Phosphatidylcholine synthesis regulates triglyceride storage and chylomicron secretion by Caco2 cells.

机构信息

Atlantic Research Center, Departments of Pediatrics, and Biochemistry and Molecular Biology, Dalhousie University, Halifax, Nova Scotia, Canada.

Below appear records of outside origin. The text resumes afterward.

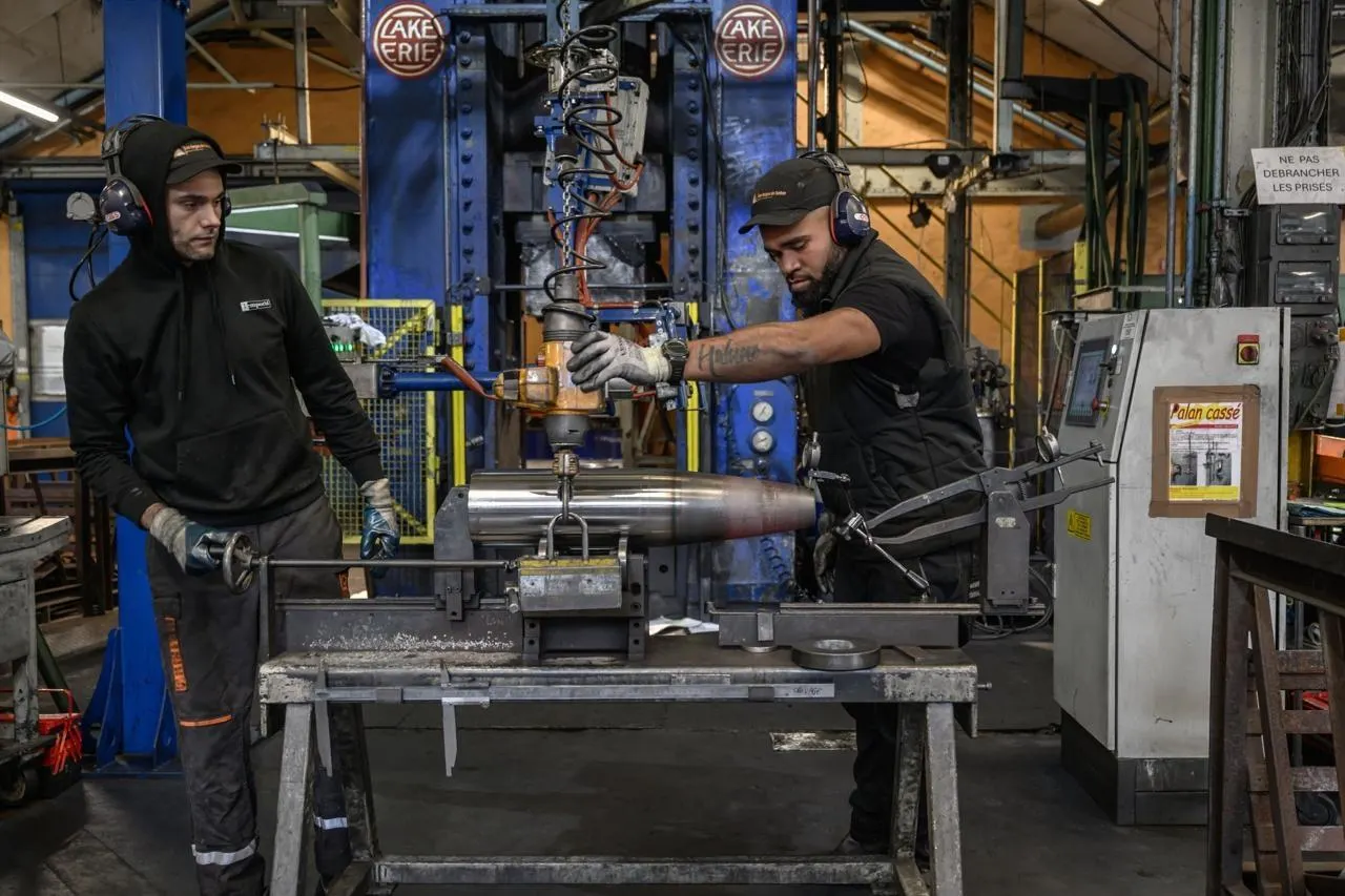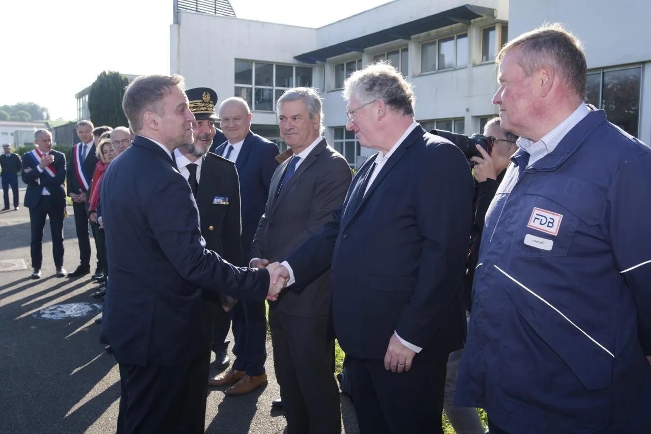 En mai 2025, Marc Ferracci, ministre de l’industrie (à gauche), en visite à la Fonderie de Bretagne, serre la main de Jérôme Garnache-Creuillot, PDG controversé d’Europlasma. © Thierry Creux / Ouest-France
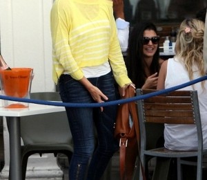 Charlize Theron a purtat un maieu alb si un top galben cu dungi, combinate cu o pereche de blugi, sandale portocalii si o geanta asortata.
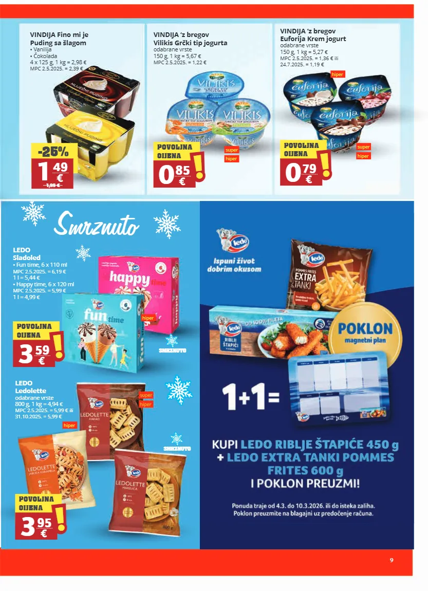 9 super hiper super hiper hiper vindija fino mi je puding sa šlagom • vanilija • čokolada 4 x 125 g, 1 kg = 2,98 € mpc 2.5.2025. = 2,39 € vindija ‘z bregov vilikis grčki tip jogurta odabrane vrste 150 g, 1 kg = 5,67 € mpc 2.5.2025. = 1,22 € vindija ‘z bregov euforija krem jogurt odabrane vrste 150 g, 1 kg = 5,27 € mpc 2.5.2025. = 1,36 € ili 24.7.2025. = 1,19 € -25% 1 49 1,99 € 0 85 ! ! povoljna cijena 0 79 ! ! povoljna cijena hiper ledo sladoled • fun time, 6 x 110 ml mpc 2.5.2025. = 6,19 € 1 l = 5,44 € • happy time, 6 x 120 ml mpc 2.5.2025. = 5,99 € 1 l = 4,99 € 3 59 ! ! povoljna cijena hiper ledo ledolette odabrane vrste 800 g, 1 kg = 4,94 € mpc 2.5.2025. = 5,99 € ili 31.10.2025. = 5,99 € 3 95 ! ! povoljna cijena smrznuto smrznuto smrznuto
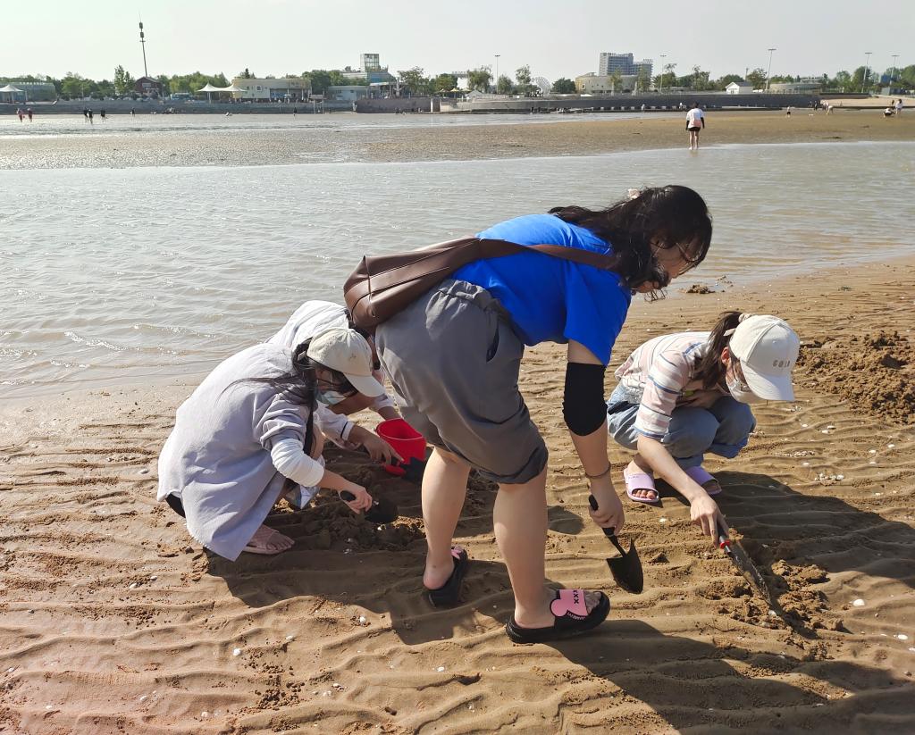 在海滨动物实习过程中,实习老师带领同学们抓螃蟹、捉海虾、寻海螺、拾贝壳,对藻类植物进行采集和辨别,同学们将采集到的样本带回实习基地,仔细清洗、认真整理,指导教师耐心地讲解每一种标本的生物特征和鉴定方法,同学们认真倾听、详细记录,并在老师的指导下鉴定物种和制作标本。
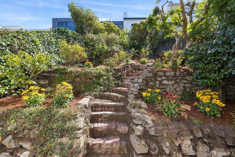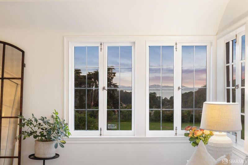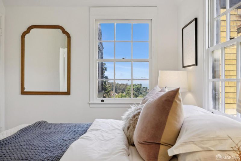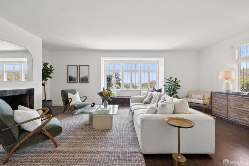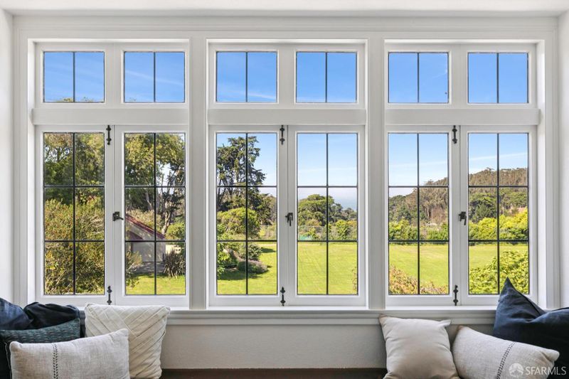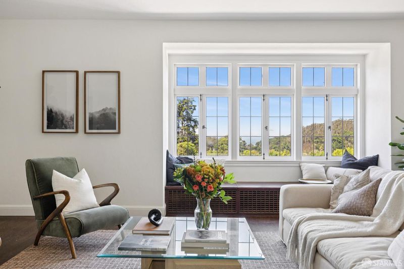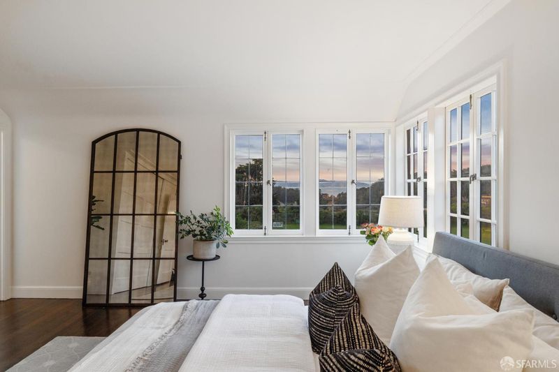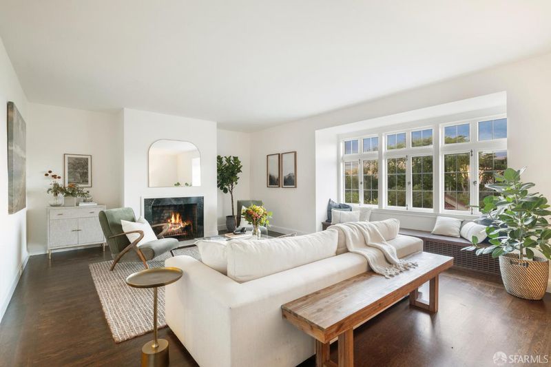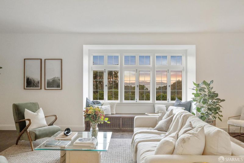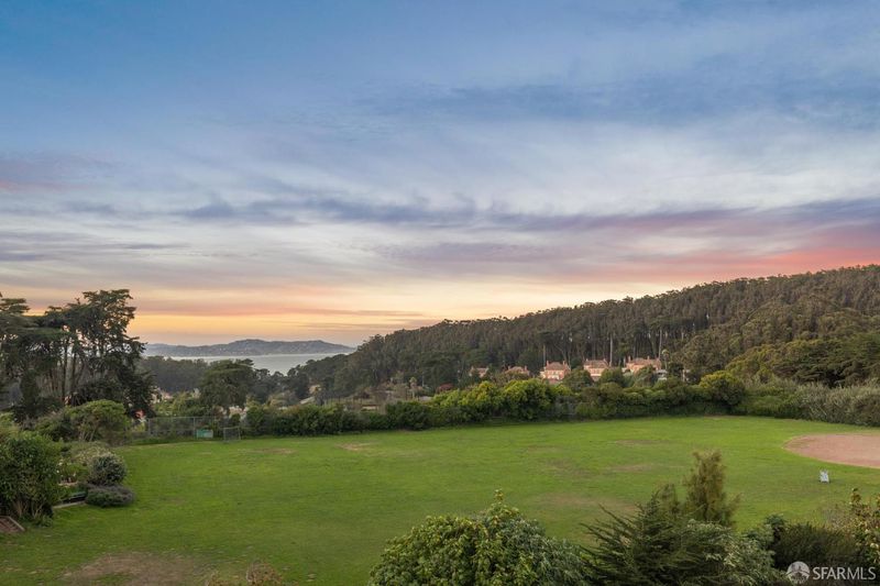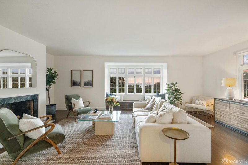 A rare offering on the Presidio Wall, this distinguished home enjoys a premier location directly across from the iconic Presidio Wall Playground and miles of scenic Presidio trails. With rich architectural character and enduring charm, the home is designed for both comfort and grandeur. The gracious living room features high ceilings, gleaming hardwood floors, and a cozy window seat framing captivating views of the Bay, Presidio, and Park. The spacious dining room, exquisitely detailed, opens to the mature garden, while the kitchen offers inspiring outlooks, butler's pantry, and exciting potential for expansion. A powder room completes this level. Upstairs, there are four generously sized bedrooms and two full baths; the front-facing rooms, including the primary suite, capture sweeping views of the Bay, Presidio, and Park, while the rear bedrooms overlook the garden, one with a quaint bridge leading to the upper patio. Flowering trees and roses create a serene outdoor retreat in the beautifully terraced garden. The lower level offers a two-car garage and ample storage. Set in one of San Francisco's most prestigious neighborhoods, the home is surrounded by natural beauty with effortless access to recreation, top-rated schools, and the refined shops and dining of Sacramento Street.

Atlantic Research Center, Departments of Pediatrics, and Biochemistry and Molecular Biology, Dalhousie University, Halifax, Nova Scotia, Canada

出版信息

J Lipid Res. 2018 Oct;59(10):1940-1950. doi: 10.1194/jlr.M087635. Epub 2018 Aug 16.

Abstract

Intracellular lipid droplets (LDs) supply fatty acids for energy, membrane biogenesis, and lipoprotein secretion. The surface monolayer of LDs is composed of phospholipids, primarily phosphatidylcholine (PC), that stabilize the neutral lipid core of triglyceride (TG). To determine the relationship between PC synthesis and TG storage and secretion in chylomicrons, we used a model of intestinal-derived human epithelial colorectal adenocarcinoma (Caco2) cells with knockout of PCYT1A, which encodes the rate-limiting enzyme CTP:phosphocholine cytidylyltransferase (CCT)α in the CDP-choline pathway, that were treated with the fatty acid oleate. CRISPR/Cas9 knockout of CCTα in Caco2 cells (Caco2-KO cells) reduced PC synthesis by 50%. Compared with Caco2 cells, Caco2-KO cells exposed to oleate had fewer and larger LDs and greater TG accumulation as a result. The addition of exogenous lysophosphatidylcholine to Caco2-KO cells reversed the LD morphology defect. Caco2-KO cells, differentiated into epithelial monolayers, accumulated intracellular TG and had deficient TG and chylomicron-associated apoB48 secretion; apoB100 secretion was unaffected by CCTα knockout or oleate. Metabolic-labeling and LD imaging of Caco2-KO cells indicated preferential shuttling of de novo synthesized TG into larger LDs rather than into chylomicrons. Thus, reduced de novo PC synthesis in Caco2 cells enhances TG storage in large LDs and inhibits apoB48 chylomicron secretion.

摘要

细胞内脂滴 (LD) 为脂肪酸提供能量、膜生物发生和脂蛋白分泌。LD 的表面单层由磷脂组成,主要是磷脂酰胆碱 (PC),它稳定甘油三酯 (TG) 的中性脂质核心。为了确定 PC 合成与 TG 储存和乳糜微粒分泌之间的关系,我们使用了一种肠道衍生的人上皮结肠直肠腺癌 (Caco2) 细胞模型,该模型敲除了编码 CDP-胆碱途径中 CTP:磷酸胆碱胞苷转移酶 (CCT)α 的限速酶 PCYT1A,并用脂肪酸油酸盐处理。Caco2 细胞 (Caco2-KO 细胞) 中 CCTα 的 CRISPR/Cas9 敲除使 PC 合成减少了 50%。与 Caco2 细胞相比,暴露于油酸盐的 Caco2-KO 细胞中的 LD 数量更少、体积更大,并且 TG 积累更多。向 Caco2-KO 细胞添加外源性溶血磷脂酰胆碱可逆转 LD 形态缺陷。分化为上皮单层的 Caco2-KO 细胞积累细胞内 TG,并且 TG 和乳糜微粒相关的 apoB48 分泌减少;apoB100 分泌不受 CCTα 敲除或油酸盐的影响。Caco2-KO 细胞的代谢标记和 LD 成像表明,新合成的 TG 优先转运到更大的 LD 中,而不是乳糜微粒中。因此,Caco2 细胞中从头合成 PC 的减少增强了大 LD 中的 TG 储存并抑制了 apoB48 乳糜微粒的分泌。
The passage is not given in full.